Onde a água traçou o destino
Foi a Ribeira da Ponte que trouxe gente p’ra cá. Água corria em abundância, fertilizava o vale, movia moinhos e, claro, dava briga de vez em quando quando as cheias varriam as pontes. Em 1560 o lugarejo já tinha gente que chegasse para pedir freguesia própria — nascia São Bartolomeu dos Regatos. A igreja mandaram erguer com três naves, duas sacristias e torre sineira: excesso de zelo ou vontade de mostrar serviço, nunca se saberá. O terramoto de 1980 partiu-lhe os candeeiros, mas as paredes de pedra vulcânica, essas, aguentam-se teimosas como o pessoal daqui.
Hoje, os 1936 habitantes espalham-se por 2500 hectares que sobem desde o mar até à vertente leste da Serra de Santa Bárbara. A densidade é baixa — 77 hab/km² — o que significa que o vizinho não lhe chega à janela e o cão pode ladrar sem queixas do condomínio. No Núcleo Museológico, há teares que ainda funcionam se lhes derem corda. Mostram como as mães aproveitavam os invernos atlânticos para transformar linho em toalhas de bilro que agora vendem a preço de ouro aos turistas de passagem. O ranger da madeira é o mesmo de sempre; o que mudou foi o preço por metro.

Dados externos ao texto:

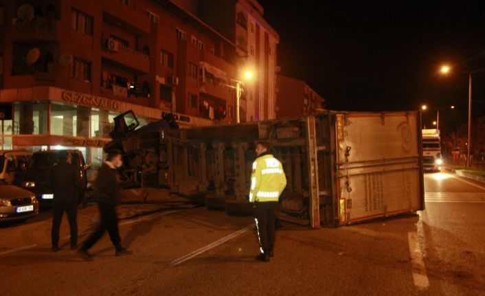 Kaza sabaha karşı saat 04.20 sıralarında Orhangazi’de meydana geldi. Alınan bilgilere göre Bursa’daki bir depodan yüklediği ve içinde tekstilden elektronik eşyaya kadar bir çok depo malzemesinin bulunduğu Mustafa Altuntaş (54) idaresindeki 34 DL 8738 plakalı TIR Orhangazi’de İznik kavşağını geçtikten sonra henüz belirlenemeyen bir nedenle kontrolden çıktı.

Entre a floresta e o lago escondido
O Viveiro da Falca são seis hectares de camélias, azáleas e criptomérias plantadas por quem percebe que um dia há-de fazer falta sombra. Tem churrasqueiras, parque infantil e trilhos que, se os perder, dão para uma caminhada de meia hora sem rede móvel — deixe-se estar, é bom para a saúde. Mais acima esconde-se a Lagoa das Patas, vulcânica, redonda e tão silenciosa que até as gaivotas fazem um esforço. Poucos chegam lá: ou não sabem que existe, ou desistem a meio do trilho. Melhor para nós, diga-se.
Do Pico dos Frades vê-se o mar, o Monte Brasil e, em dias claros, até o vizinho que lhe deve dinheiro desde o baile de 1995. O Miradouro da Chanoca é o sítio onde se vai “só mais cinco minutos” e se fica uma hora inteira a ver o sol deitar-se. Entre um miradouro e outro, os chafarizes históricos ainda pingam água — eram o Tinder antigo: encontros marcados à boca da fonte, copo na mão e conversa que se alongava.
O peixe que chega antes do amanhecer
No porto, os pescadores despejam caixas de espadarte, carapaus e chicharros enquanto discutem o preço como quem regateia em feira. A primeira venda abastece meia ilha; quem chega depois das sete leva com as sobras. No Cais de São Bento, o restaurante serve espador ainda quente com molho de vilão e batata-doce — peça a dose inteira, depois não diga que não avisei. A proximidade de Angra faz com que aqui se durma em silêncio mas se jante com sorte: em dez minutos está na cidade classificada pela UNESCO e, se o trânsito ajudar, em quinze de volta para a cama.
No Império dos Regatos a capela do Espírito Santo guarda as cores originais: branca por fora, vermelha por dentro, como a casa da avó. A porta está trancada fora de festa, mas pela fresta vê-se o altar simples onde ainda cabem três gerações de promessas. Lá fora, a ribeira continua a correr, traçando no vale a mesma linha que os nossos avós seguiam para levar o peixe ao largo. A água nunca pára; também nós não.